● **INSTRUCTIONS TO FOLLOW**
The expected result is an exact restatement of the data, free of pictures.

======== GIVEN DATA

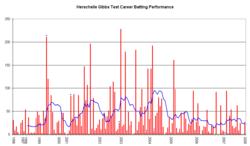 In April 2009, his sixteen One Day International innings since the March 2008 one-day series in Bangladesh having yielded just three fifties, even Stuart Hess, his most ardent media supporter, was moved to cast doubt over his future. Hess had famously recommended Gibbs as captaincy successor to Shaun Pollock in 2003, but now, noting that his "average, as an opener, in that same period is 25.25, more than 10 runs below his overall average of 35.87", Hess felt "a sense that Gibbs is living off past deeds and not playing with the requisite form needed to hold on to a national spot."[17] He noted, however, that Gibbs was the only South African with more than 1,000 World Cup runs and that, of the twelve others, only Sachin Tendulkar with 57.93 and Sir Viv Richards with 63.31 had better averages:
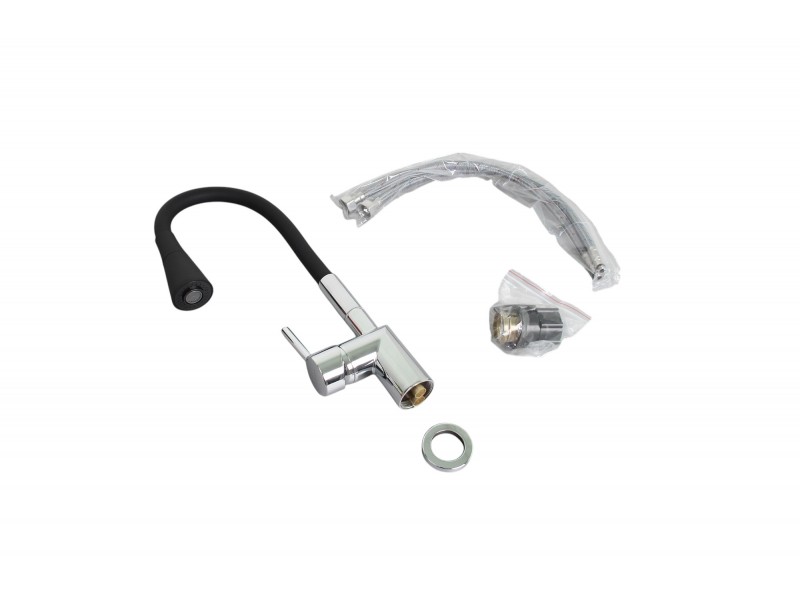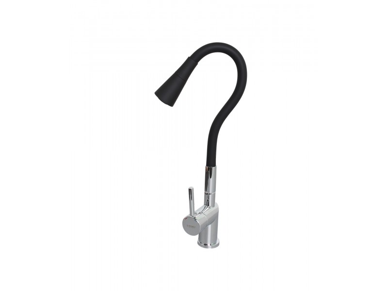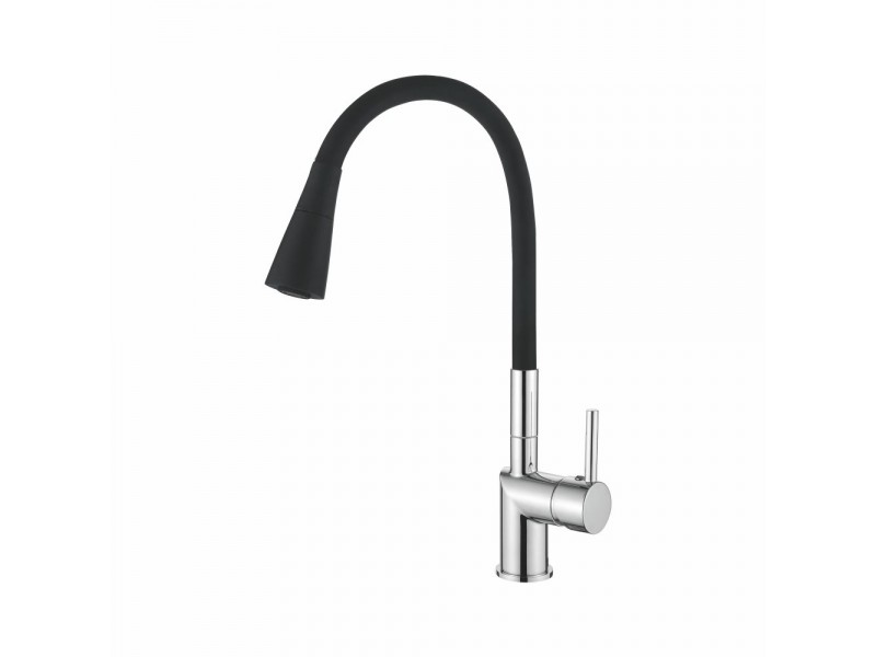Смеситель для кухни с гибким полужестким силиконовым изливом и лейкой с двумя режимами.
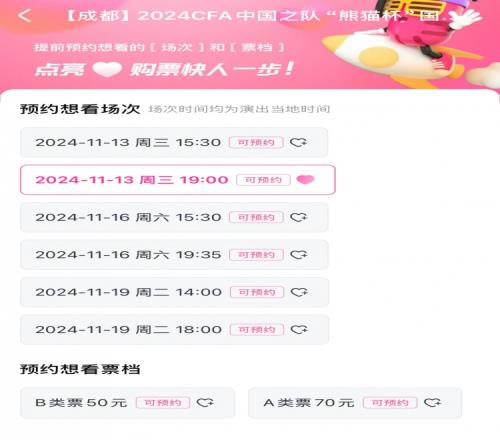 体育资讯11月8日报道宣称 售票网站上架熊猫杯门票,本次赛事的门票价格为50元-70元。

================

● **RESULT OF THIS TASK**
 In April 2009, his sixteen One Day International innings since the March 2008 one-day series in Bangladesh having yielded just three fifties, even Stuart Hess, his most ardent media supporter, was moved to cast doubt over his future. Hess had famously recommended Gibbs as captaincy successor to Shaun Pollock in 2003, but now, noting that his "average, as an opener, in that same period is 25.25, more than 10 runs below his overall average of 35.87", Hess felt "a sense that Gibbs is living off past deeds and not playing with the requisite form needed to hold on to a national spot."[17] He noted, however, that Gibbs was the only South African with more than 1,000 World Cup runs and that, of the twelve others, only Sachin Tendulkar with 57.93 and Sir Viv Richards with 63.31 had better averages:
Смеситель для кухни с гибким полужестким силиконовым изливом и лейкой с двумя режимами.
 体育资讯11月8日报道宣称 售票网站上架熊猫杯门票,本次赛事的门票价格为50元-70元。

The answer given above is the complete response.